Nothing however would be as equally disastrous as Napoleon's invasion of Russia. Seeking to punish Tsar Alexander I for his backing out of the Continental System, Napoleon invaded the Russian Empire. The French Emperor would have victory after victory, but as Russia withdrew, the Russians burnt their own cities and farms. As the winter came the French had no resources and they had to retreat with very heavy losses. Seeing Napoleon as weak, the rest of Europe joined in to help destroy him. The French were eventual overwhelmed and were forced to surrender. Napoleon would be exiled to Elba, and King Louis XVIII was put on the throne that his brother had lost.


(Tsar Alexander I of Russia)


(King Louis XVIII brother of the murdered King returns to the family throne.)

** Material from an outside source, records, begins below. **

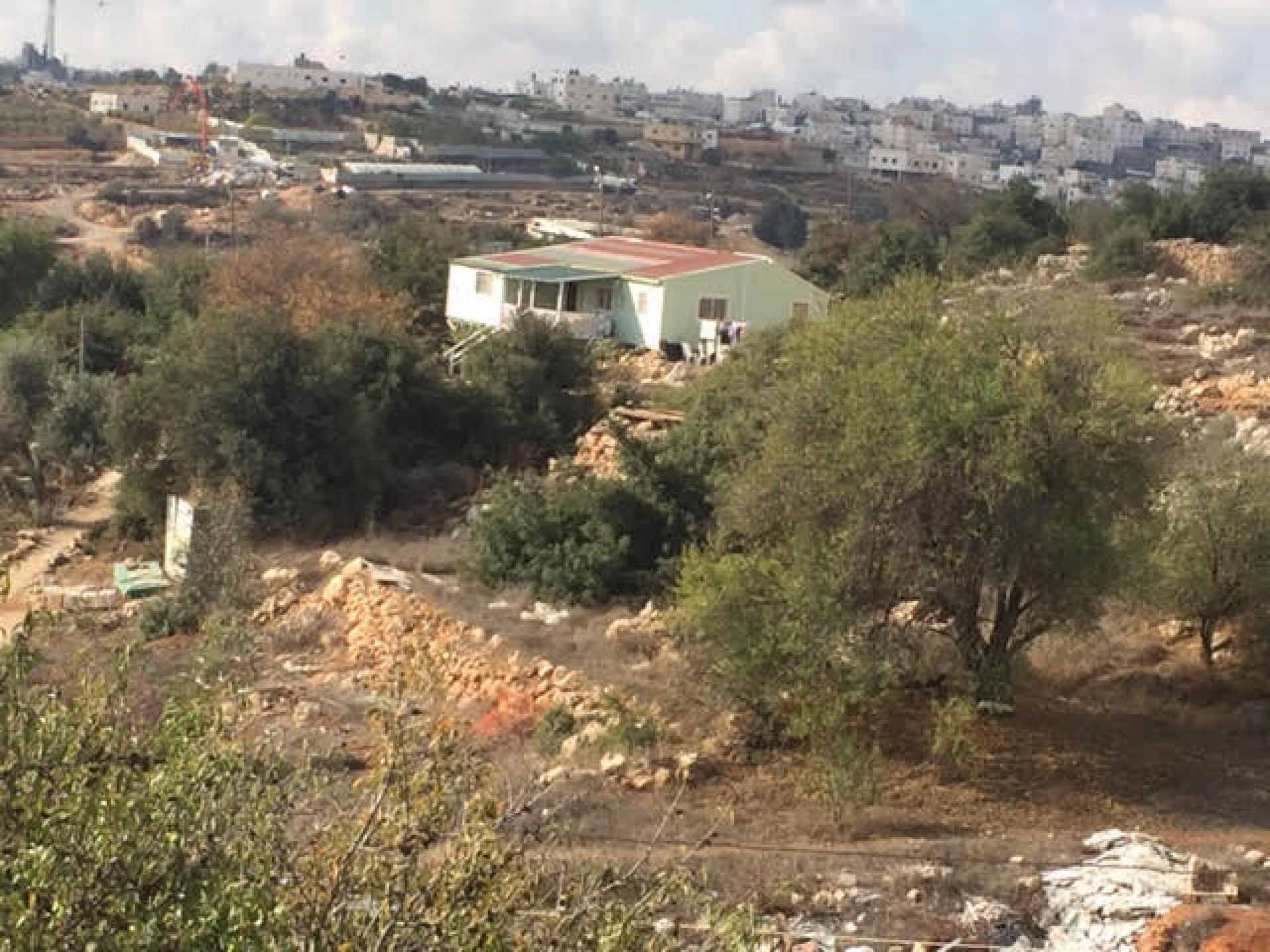 The pillbox at the top of the hill of the Abu Snan neighborhood, which is in Area H1, and which is supposed to be under Palestinian control only, boasts a new wall around it. It is far from where we are allowed to go. Therefore, the photographs are blurred. However that may be a military vehicle is driving there with three mobile buildings. At the parking lot next to the Cave of the Patriarchs another three are waiting.
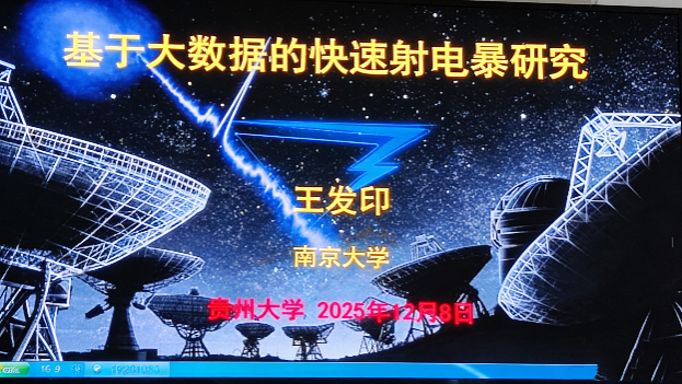 (信息与通信工程系 供稿)12月8日下午,贵州大学大数据与信息工程学院在崇理楼509会议室成功举办了一场题为 “基于大数据的快速射电暴研究” 的学术报告。本次报告特邀南京大学天文与空间科学学院教授、国家优秀青年人才王发印教授主讲,吸引了来自大数据与信息工程学院、公共大数据国家重点实验室、物理学院等单位众多师生前来聆听交流。报告由大数据与信息工程学院张利教授主持。
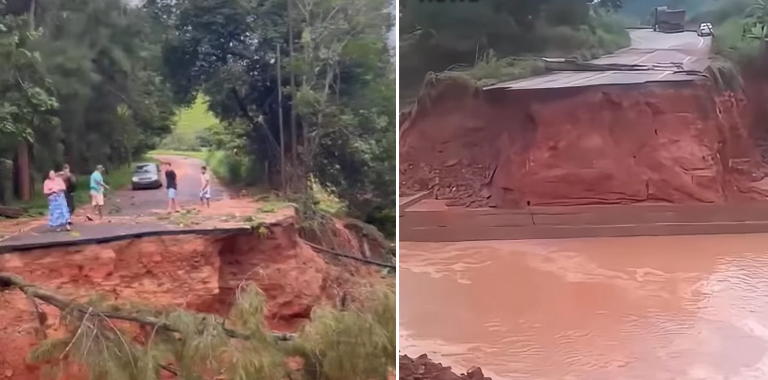 Na altura de Euclidelândia, a rodovia foi literalmente cortada ao meio, com um trecho arrastado pela enxurrada. A estrada está totalmente interditada e não há previsão de liberação.
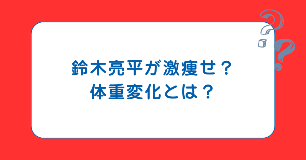 俳優の鈴木亮平さんが激痩せした姿を見て、「どうやって痩せたの?」「体調は大丈夫なの?」と気になった方も多いのではないでしょうか。 鈴木亮平が激痩せした理由は、実は役作りのためだったんです。この記事では、その驚きの減量方法や体重の変化、さら... 未分類
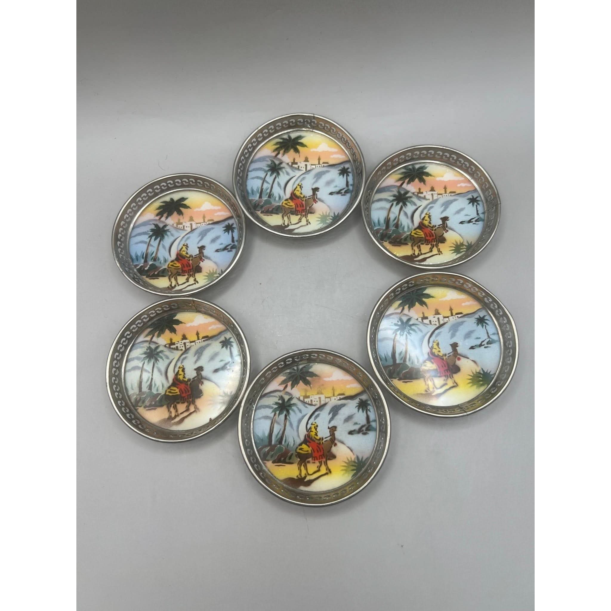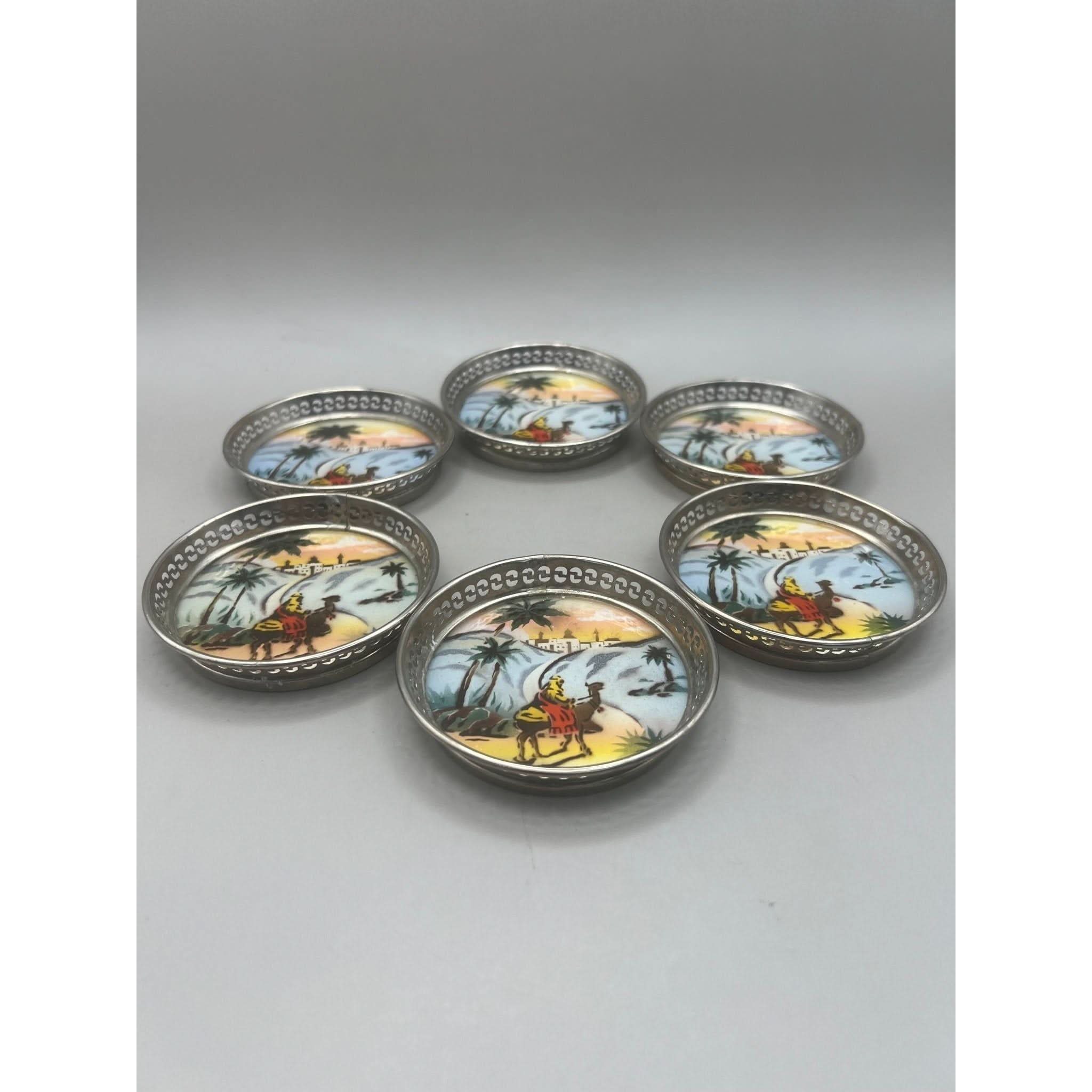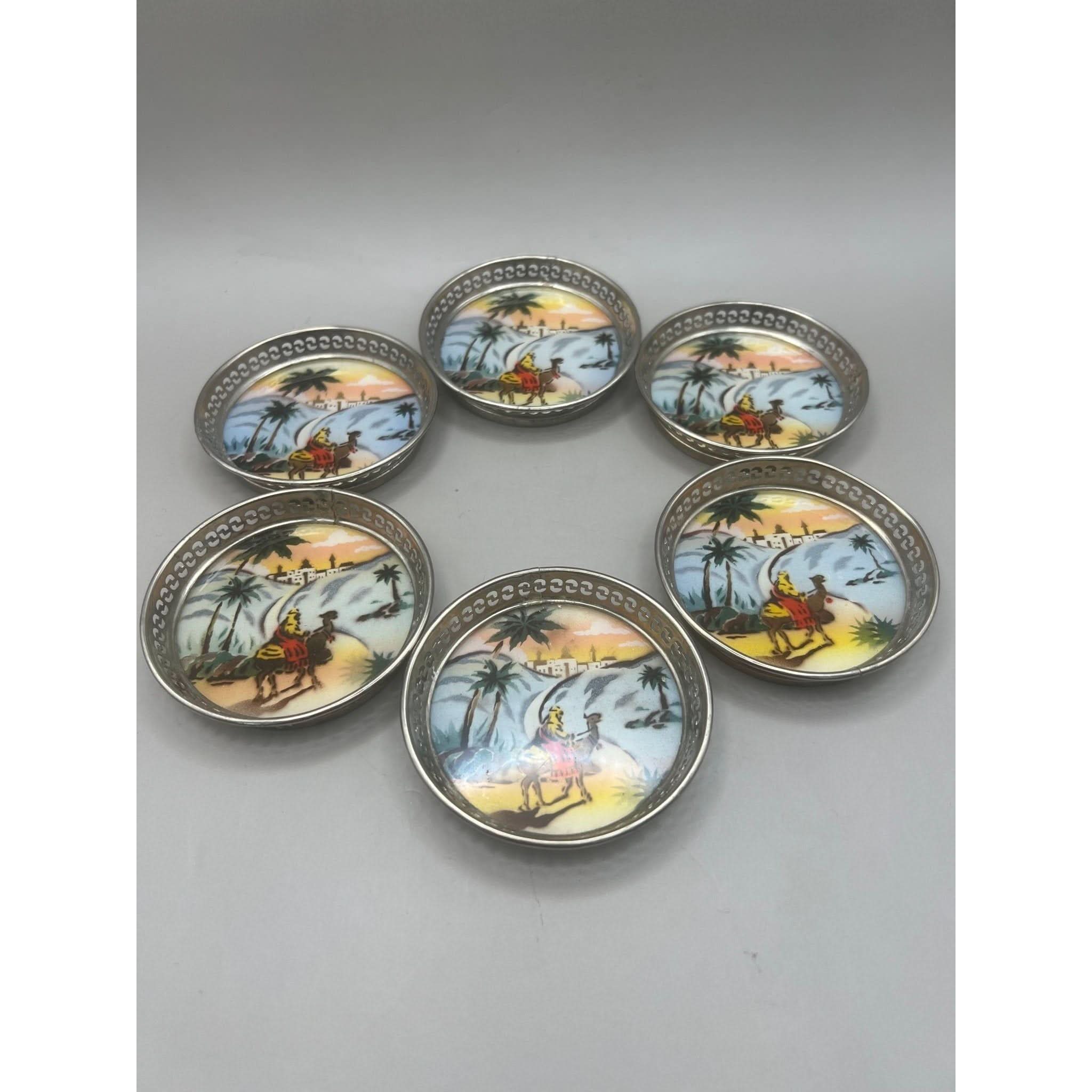 Made in the 1960s in Japan, these coasters have a hand painted glass base and metal edges which have stamped cutouts.
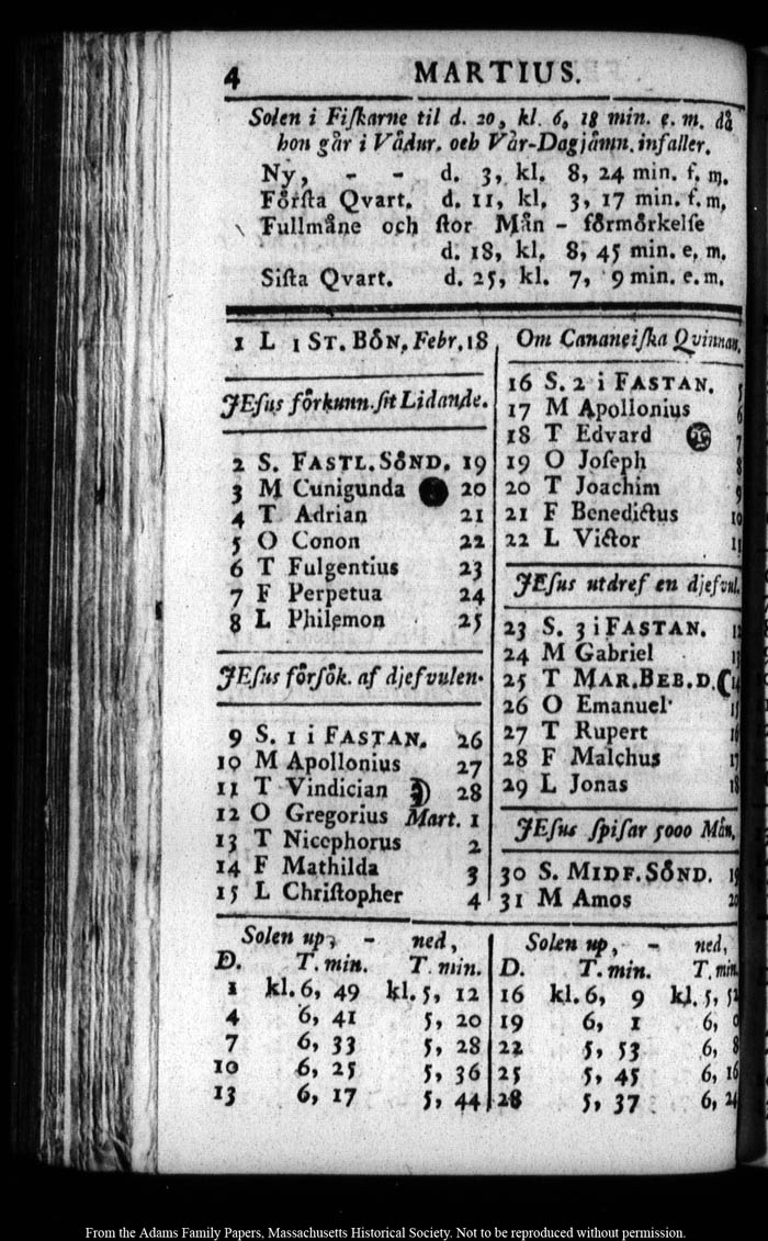 John Quincy Adams diary 7 (almanac), 31 December 1782 - 17 October 1783, page 256
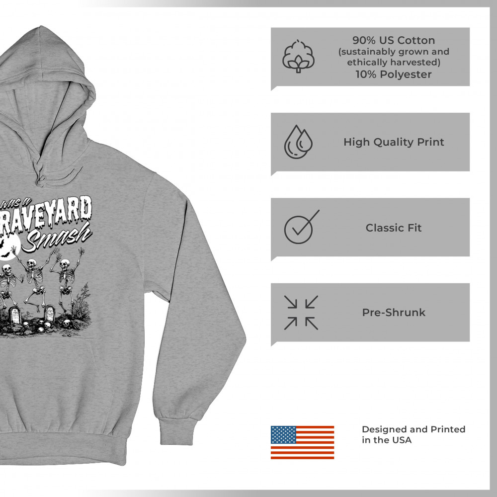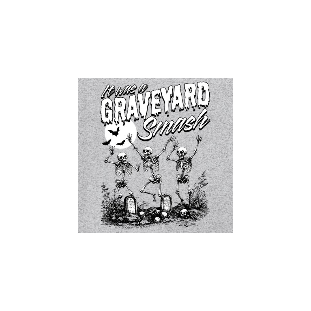 Celebrate Halloween with a fun "Graveyard Smash" design featuring dancing skeletons. Perfect for parties and haunted house events!

Napoleon was restless in Elba and plotted his way back to the throne of France. King Louis XVIII had made quite a mess of things, just like his brother, and Napoleon would land in France to claim what he felt was rightfully his.

“It was surely one of the boldest acts in history, Napoleon landed on the southern coast of France with 1,000 soldiers, two cannons and some very fiery words set forth in three proclamations, one to the French people, one to the French army, and one to the Old Guard.” p.375


Napoleon's new reign would last one hundred days. This brief reign would cause immediate war. Napoleon would fight his last battle at Waterloo, where he lost to allied forces under the command of the Duke of Wellington.


(The Duke of Wellington, the man who finshed Napoleon)



This time Napoleon would be exiled to St. Helena where he would remain in a gilded cage until his death. Napoleon's legacy is a mixed one, Asprey's work on him stands out because he does not give in to either side, the British paint him as a monster and the French a saint. He was both and neither, Asprey presents Napoleon as an incredible human being and that is it. He is a man who was the winner of a thousand battles who was ultimately brought down in the end. He took on the entire world and lost but he is remembered for taking it on.

*These were of course the original guerrilla forces.

{Video is taken from the 2002 TV movie Napoleon}

Sunday, June 27, 2010

FROM SOILDER TO EMPEROR


A review of Robert Asprey’s The Rise of Napoleon Bonaparte (2000)

(Rating 4 of 5)

Robert Asprey’s book traces the journey of a small boy from Corsica, on a journey from solider to emperor. He would turn the entire world on its ear; nothing would ever be the same again because Napoleon existed. He would knock kings off their ancient thrones and put his own relatives upon them. He would win battles against formidable odds; he would make incredible discoveries from his time in Egypt that would change the way we look at ancient history. He was a man who fought in the army of the Republic but would give himself a crown. There are more books written about this man then any other. Yet, he loses in the end. However, this book is not about his defeats but about how he rises to become the most powerful man in world who is sitting in the center of the stage.

Napoleon starts his life in Corsica, one year after France annexed it, during the reign of King Louis XV. Asprey covers a great deal of his early years growing up in Corsica under the watchful eye of his mother, Letizia Ramolino, then being sent to school in mainland France. He was able to get into French school because his father, Carlo Bonaparte, was the Corsican representative to the court of King Louis XVI. School is difficult for him; he always teased and made to feel like an outsider because of his accented French. Nevertheless, he did well at French military school and was commissioned in the French Army.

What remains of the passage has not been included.